We work together. I'm old enough to have been in college when she was born.

I'm her boss, for fuck's sake. The power dynamic alone makes anything between us inappropriate at best, predatory at worst.

Better to keep the walls up. Better to be cold and distant and professional. Better to make her think I see her as nothing more than an assistant than to risk destroying both our careers and hurting her worse.

When I finally go back to bed, the sky is starting to lighten. Christmas morning, and I'm lying six inches away from the only woman I've wanted in five years, pretending I don't want her at all.

I wake to my phone alarm at 6 AM. I always wake up at 6 AM, even on holidays. Even when I've had approximately two hours of sleep.

Claire is still out, her face peaceful in sleep, her hair spread across the pillow. Without thinking, I reach out to brush a strand away from her face, then stop myself.

What am I doing?

I get up quietly and head for the shower. The hot water helps clear my head, wash away the weird intimacy of the 2 AM conversation. By the time I'm dressed in slacks and a button-down, I've got my armor back in place.

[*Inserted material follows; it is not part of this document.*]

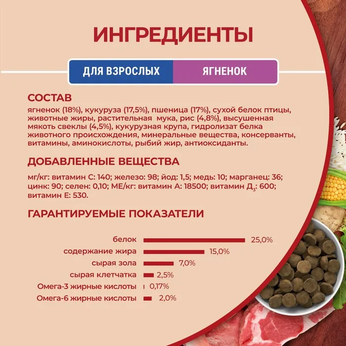 Состав товара: ягненок (17%), пшеница (15.5%), кукуруза, сухой белок птицы, пшеничный глютен, животный жир, кукурузная крупа, высушенная мякоть свеклы, рис (4%), минеральные вещества, гидролизат белка животного происхождения, глицерол, рыбий жир, поджаренная солодовая мука, витамины, аминокислоты, антиоксиданты.
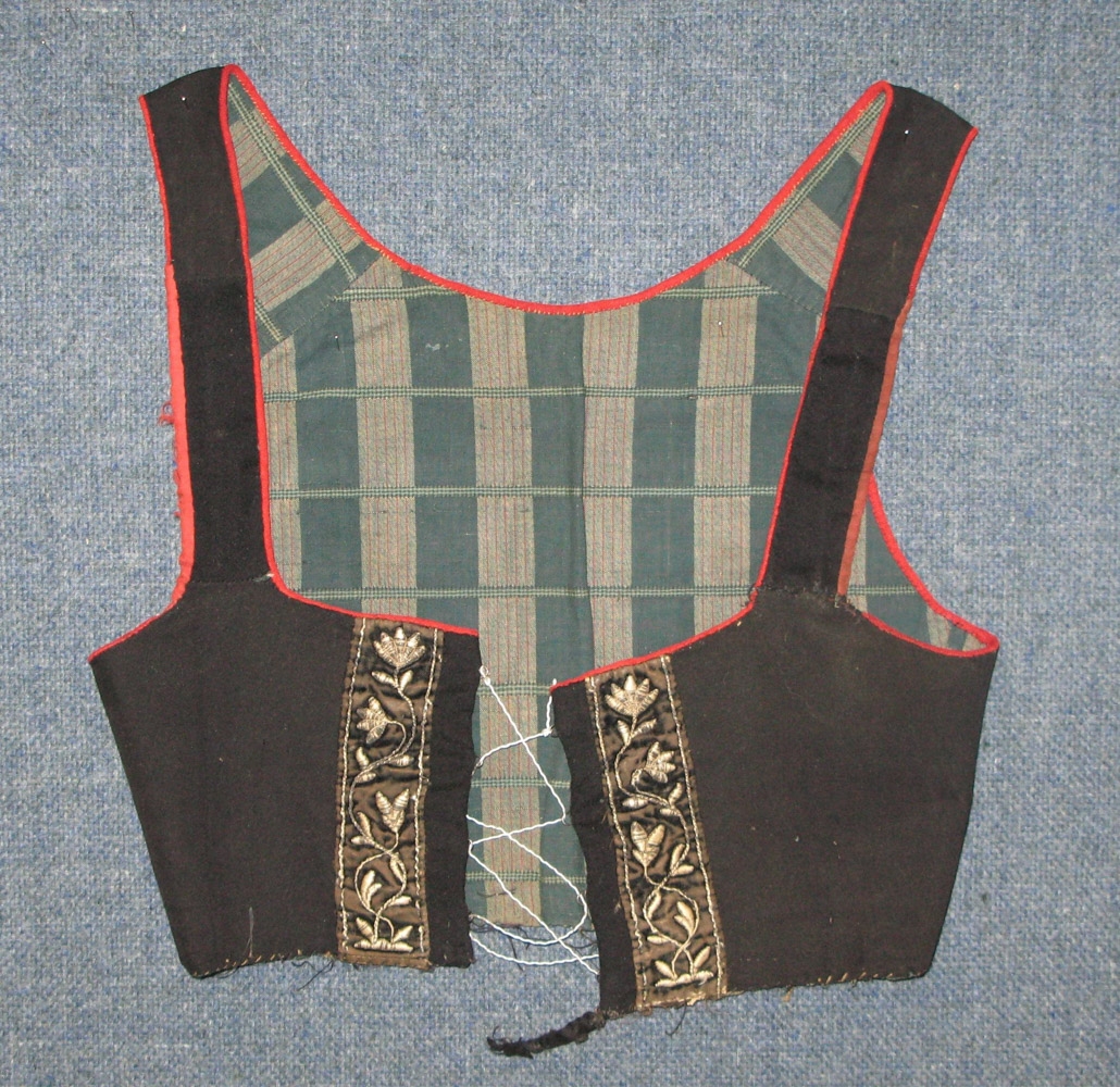 19. aldar bolur, úr svörtu klæði. Rauðar bryddingar í hálsi og ermaopum. Svartir balderaðir borðar á börmunum með gylltri baldýringu. Kræktur með fimm krókum (ekki myllum). Fóðraður með bláköflóttu. Á baki og axlasaumum eru þrílitar, knipplaðar leggingar. Úr búi Þóreyjar Brynjólfsdóttur frá Skeggjastöðum eða Jarþrúðar Einarsdóttur, sama stað. Upprunninn úr Fljótsdal, að því að talið er.

Work. That's what I need. Work is safe. Work I understand.

I order coffee and set up my laptop while Claire sleeps. Check emails and make a list of tasks for when we get back to the office.

Normal. Professional. Nothing happened.

Except everything happened, and I can't stop thinking about her face when I called her an excellent assistant. The way the hope just... died.

I've been cruel to her before, but last night felt worse somehow. More personal.

I can pretend this night never happened. Except I don't want to pretend. I don't want to go to Aspen alone. I don't want her to go to Detroit to a mother who makes her feel small.

I want—What do I want?

I know exactly what I want. I just haven't had the courage to admit it.

Maybe it's time to stop being a coward.